Your assignment:
Pictures aside, copy exactly the lines running from the one with "The HECU checks" to the end of the records.
[Task data — start]
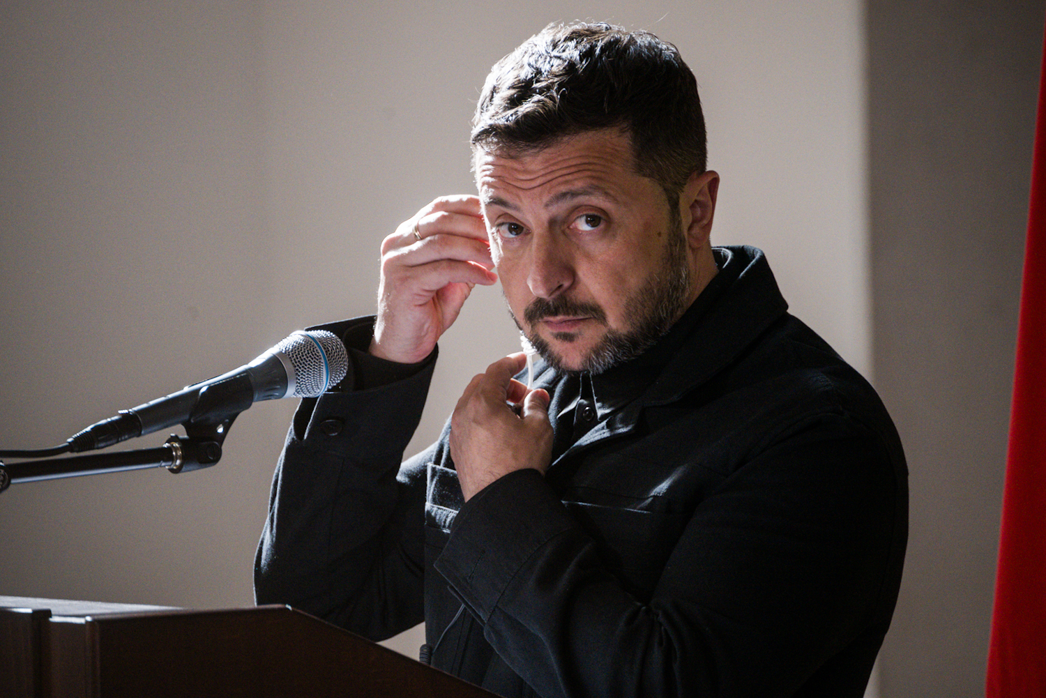 Volodymyr Zelenskyj na tiskové konferenci Zvětšit fotografii
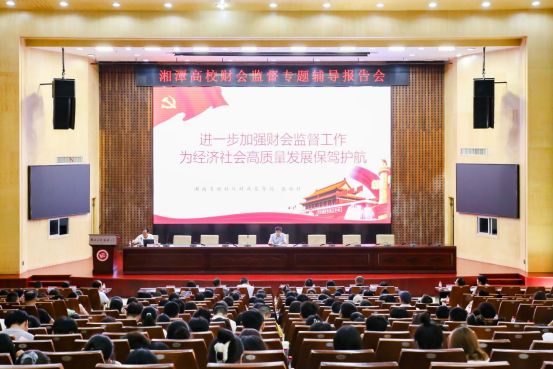 为进一步推动湘潭高校广大财务人员深入学习宣传贯彻中共中央办公厅、国务院办公厅《关于进一步加强财会监督工作的意见》(以下简称《意见》)和湖南省委办公厅、省政府办公厅《关于进一步加强财会监督工作的实施方案》(以下简称《实施方案》),6月9日下午,湘潭高校财会监督专题辅导报告会在beat365一报告厅举行。报告会由党委副书记、校长易兵主持,湖南省财政厅财政监督局局长、一级调研员张贻旺作辅导报告。湘潭大学、湖南科技大学、湖南工业大学等高校财务人员,以及beat365审计人员、校直各单位相关负责人和会计学专业学生代表300余人参加。
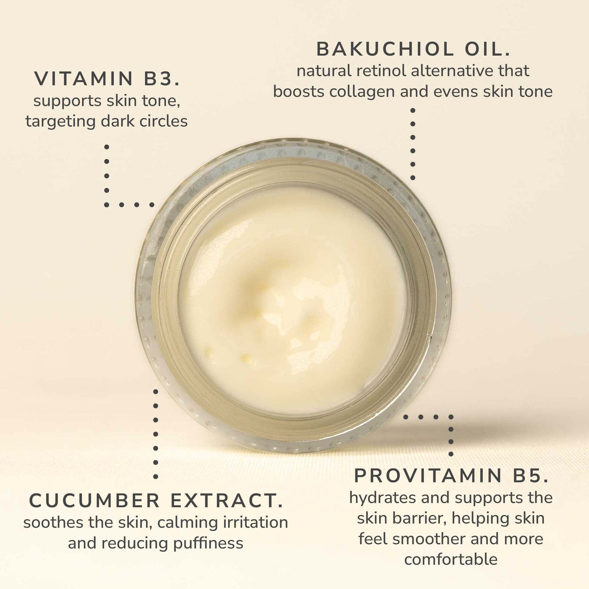 Bee Cosmetics deeply hydrating and illuminating eye cream to help improve the appearance of dark circles, fine lines, and puffiness for a well-rested look.
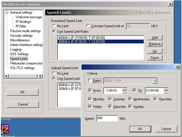 第6步、Speed Limits(速度限制):這個(gè)是全局參數(shù),默認(rèn)狀態(tài)不限速??梢赃x中“Constant Speed Limit of”并填寫限速數(shù)值來實(shí)現(xiàn)速度限制,下載(傳出)和上傳(傳入)可以分別設(shè)置。還可以根據(jù)時(shí)段自定義限速規(guī)則——“Use Speed Limit Rules”,比如這臺服務(wù)器或者網(wǎng)絡(luò)連接除了做FTP服務(wù)器之外還有別的用途,需要根據(jù)時(shí)間調(diào)度,不能讓FTP傳輸擠占所有網(wǎng)絡(luò)帶寬影響其它的網(wǎng)絡(luò)服務(wù);就可以通過這里設(shè)置。
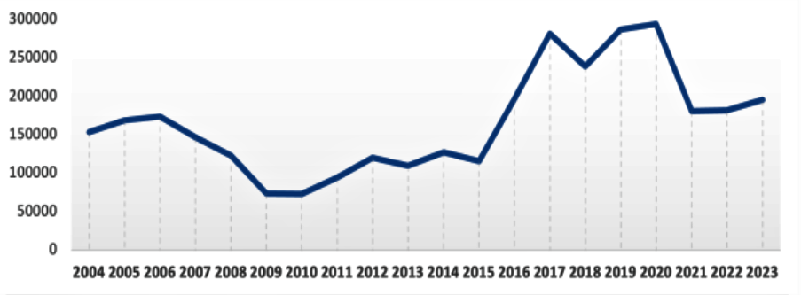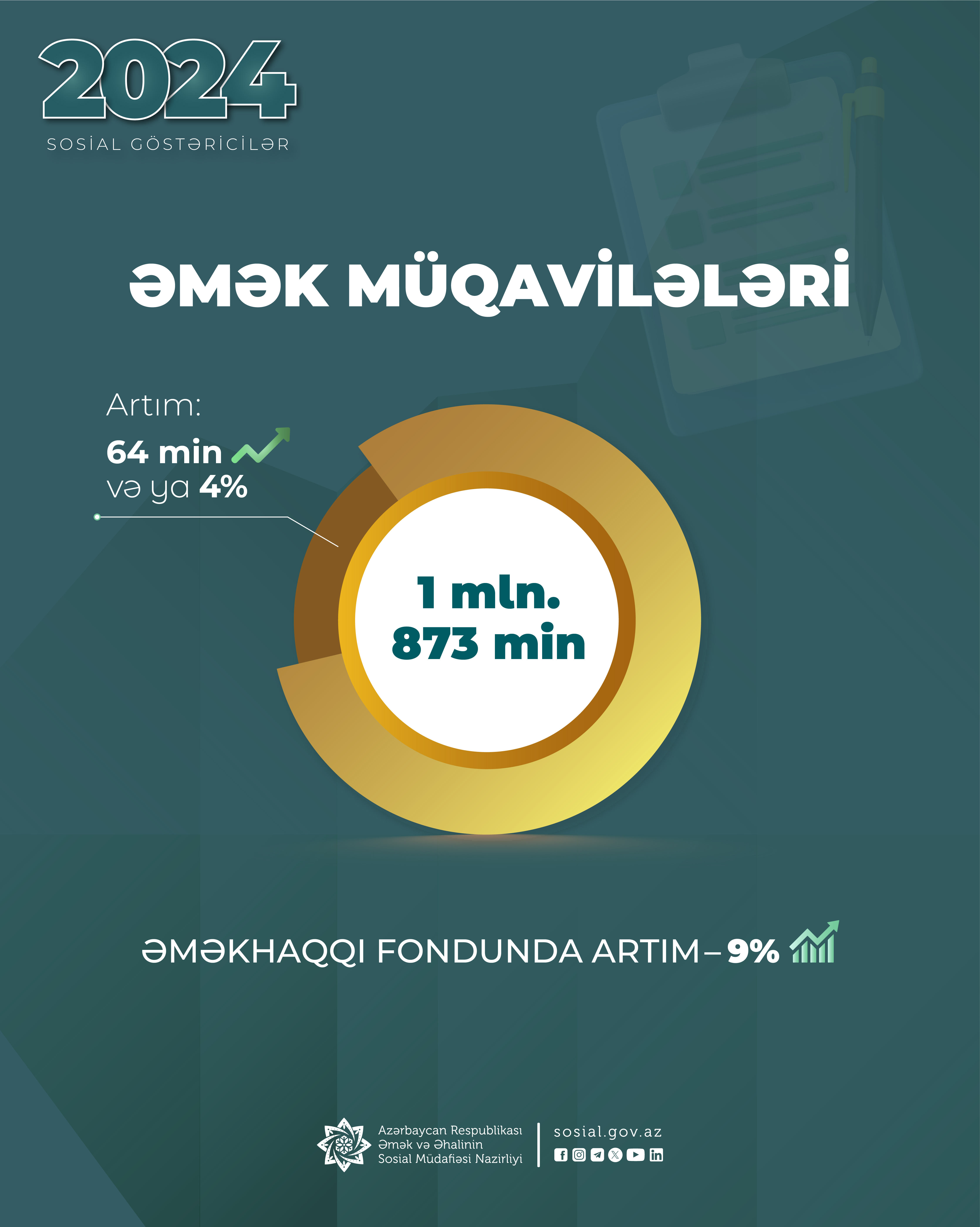 Ölkədə əhalinin iş yerləri ilə təminolunma və məşğulluq səviyyəsinin əsas göstəricilərndən biri də əmək müqavilələrinin sayı ilə bağlıdır. Bu müqavilələr faktiki olaraq hər il yeni qeydə alınan işçilərin rəsmi sayının göstəricisidir. 2024-cü ilin yekununda ölkə üzrə əmək müqavilələrinin sayı 64 min artaraq 1 milyon 873 minə çatıb. Bu, əvvəlki ilə nisbətən 4 faiz artım deməkdir.
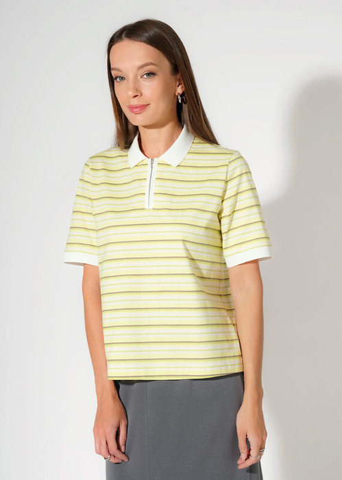 Джемпер - поло прямого силуэта из хлопкового трикотажного полотна . По горловине отложной вязаный воротник с планкой на молнии. Короткий втачной рукав. По низу рукава узкий вязаный манжет. Боковые разрезы.
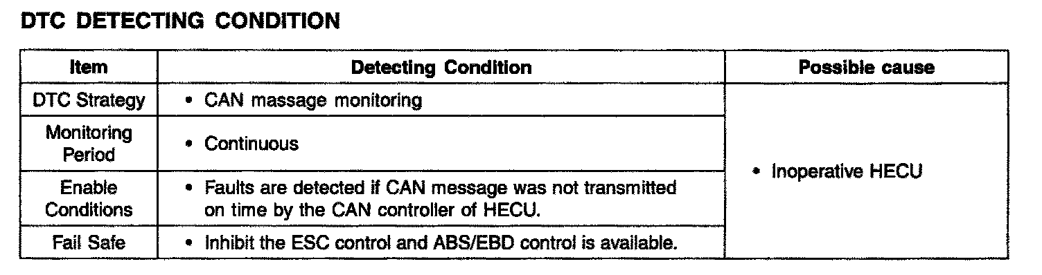 The HECU checks the CAN communication lines for normal ESC control, and sets this code if a CAN message is not transmitted within predefined time.
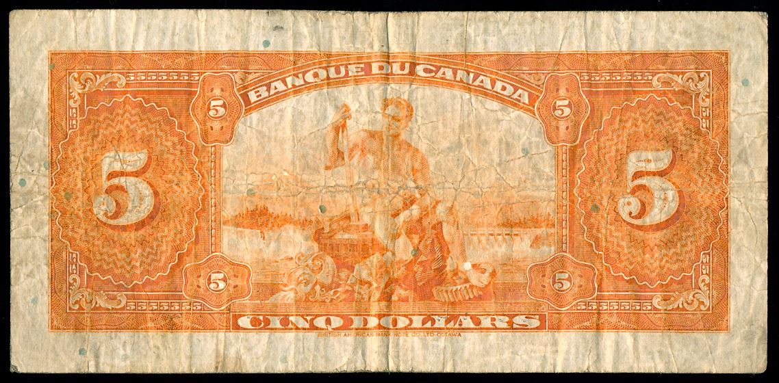$5, 1935 Prince of Wales issue, French Text "Banque du Canada", BC-6, VG+++
[Task data — finish]
Reply to the task:
 The HECU checks the CAN communication lines for normal ESC control, and sets this code if a CAN message is not transmitted within predefined time.
$5, 1935 Prince of Wales issue, French Text "Banque du Canada", BC-6, VG+++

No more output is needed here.